Guide to the Unified Process Featuring UML, Java and Design Patterns

The primary inputs to the design discipline come from the use case analysis and the analysis discipline. That is, the inputs to the design discipline are the use cases, the analysis use case realizations, and the analysis classes and packages identified in the analysis discipline. If, however, you have not carried out the analysis discipline then you must go back to using only the use case analysis, and use that as your starting point.
The design discipline differs from the analysis discipline as it is aimed at implementation abstraction, i.e. how the system should be built, rather than trying to rephrase the system requirements (at a high level of abstraction). That is, it provides the means to enable developers to visualize and reason about the implementation. It identifies major subsystems and their interfaces and deals with implementation-oriented constraints, classes and their responsibilities and operations, and inter-class relationships and their structures. Table 7.1 compares the analysis and design disciplines.

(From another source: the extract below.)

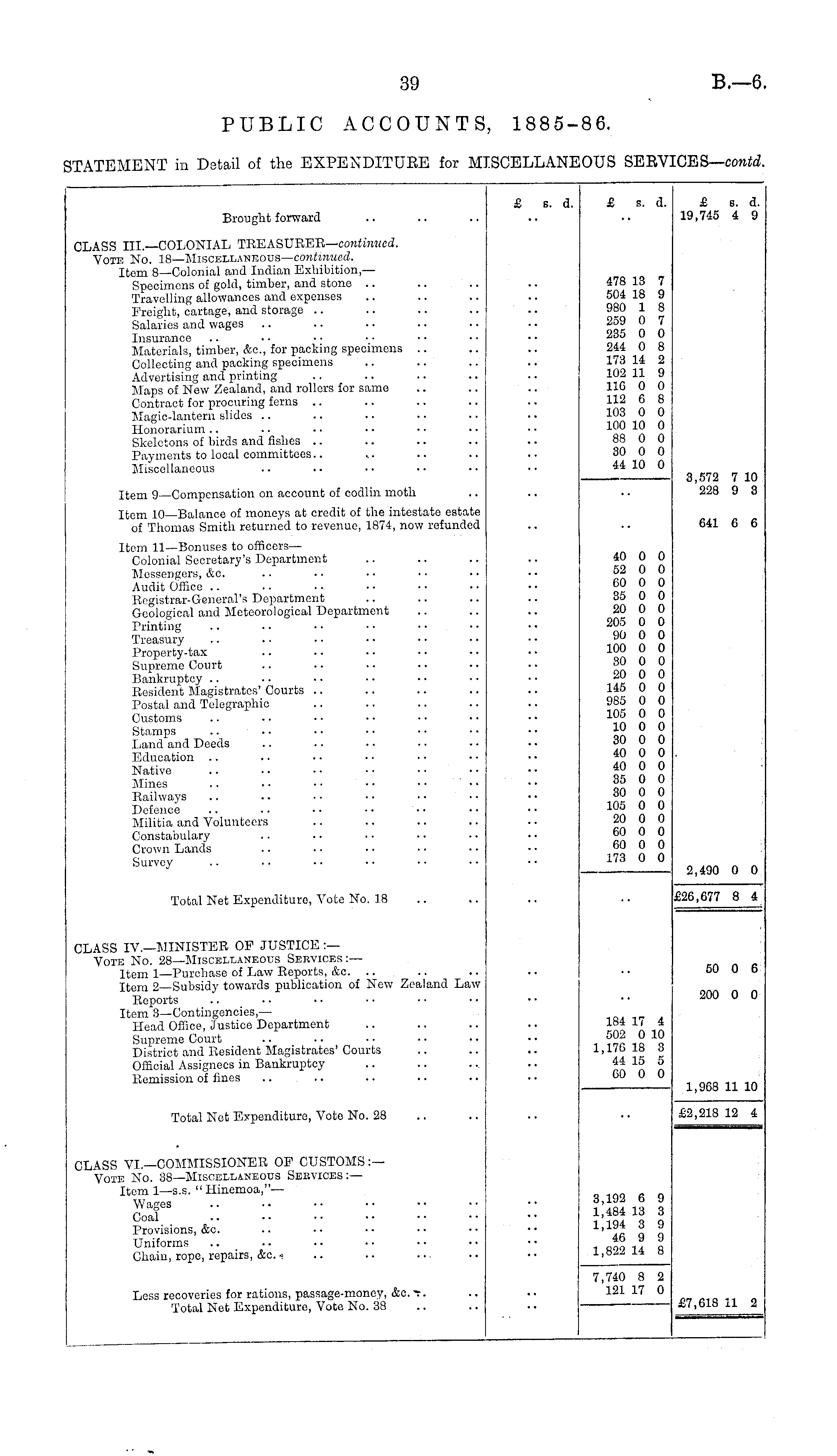 £ s. a. £ s. d. £ s. d. 19,745 4 9 Brought forward CLASS III.—COLONIAL TREASURER— continued. Vote No. 18—Miscellaneous — continued. Item 8—Colonial and Indian Exhibition,— Specimens of gold, timber, and stone Travelling allowances and expenses Freight, cartage, and storage Salaries and wages Insurance Materials, timber, &c, for packing specimens Collecting and packing specimens Advertising and printing Maps of New Zealand, and rollers for same Contract for procuring ferns Magic-lantern slides Honorarium Skeletons of birds and fishes Payments to local committees.. Miscellaneous 478 13 7 504 18 9 980 1 8 259 0 7 235 0 0 244 0 8 173 14 2 102 11 9 110 0 0 112 0 8 103 0 0 100 10 0 88 0 0 30 0 0 44 10 0 Item 9—Compensation on account of codlin moth 3,572 7 10 228 9 3 Item 10—Balance of moneys at creait of the intestate estate of Thomas Smith returnea to revenue, 1874, now refunded 641 6 6 Item 11—Bonuses to officers— Colonial Secretary's Department Messengers, &c. Audit Office Registrar-General's Department Geological and Meteorological Department Printing Treasury Property-tax Supreme Court Bankruptcy Resident Magistrates' Courts Postal and Telegraphic Customs Stamps Land and Deeds Education Native Mines .. .. • • • • ■ ■ Railways Defence Militia and Volunteers Constabulary Crown Lands Survey 40 0 0 52 0 0 00 0 0 35 0 0 20 0 0 205 0 0 90 0 0 100 0 0 30 0 0 20 0 0 145 0 0 985 0 0 105 0 0 10 0 0 30 0 0 40 0 0 40 0 0 35 0 0 30 0 0 105 0 0 20 0 0 GO 0 0 60 0 0 173 0 0 2,490 0 0 Total Net Expenditure, Vote No. 18 £26,677 8 4 CLASS IV.—MINISTER OF JUSTICE :— Vote No. 28—Miscellaneous Services :— Item 1—Purchase of Law Reports, &c Item 2—Subsidy towards publication of New Zealand Law Reports Item 3—Contingencies, — Head Office, Justice Department Supreme Court District and Resident Magistrates' Courts Official Assignees in Bankruptcy Remission of fines 184 17 4 502 0 10 1,170 18 3 44 15 5 00 0 0 50 0 6 200 0 0 1,968 11 10 Total Net Expenaituro, Vote No. 28 £2,218 12 4 CLASS VI.—COMMISSIONER OF CUSTOMS:— Vote No. 38 —Miscellaneous Services :— Item 1—s.s. "Hinemoa," — Wages Coal Provisions, &c. Uniforms Chain, rope, repairs, &c -■ 3,192 6 9 1,484 13 3 1,194 3 9 46 9 9 1,822 14 8 Less recoveries for rations, passage-money, &c. -r. Total Net Expenditure, Vote No. 38 7,740 8 2 121 17 0 £7,618 11 2

| Analysis workflow | Design workflow |
|---|---|
| Conceptual model | Physical model |
| Describes functional requirements | Determines how system will meet requirements |
| Only uses 3 types of class | Classes as appropriate |
| Less complex (1:5) | More detailed (5:1) |
| Less formal descriptions | More formal descriptions (e.g. visibility of attributes) |
| Created by workshops, interviews etc. | Created by prototypes, visual analysis, engineering |
There are four primary activities in the design discipline, these are:
Architectural/subsystem design. This was discussed in Chapter 4 on software architecture.
Generation of...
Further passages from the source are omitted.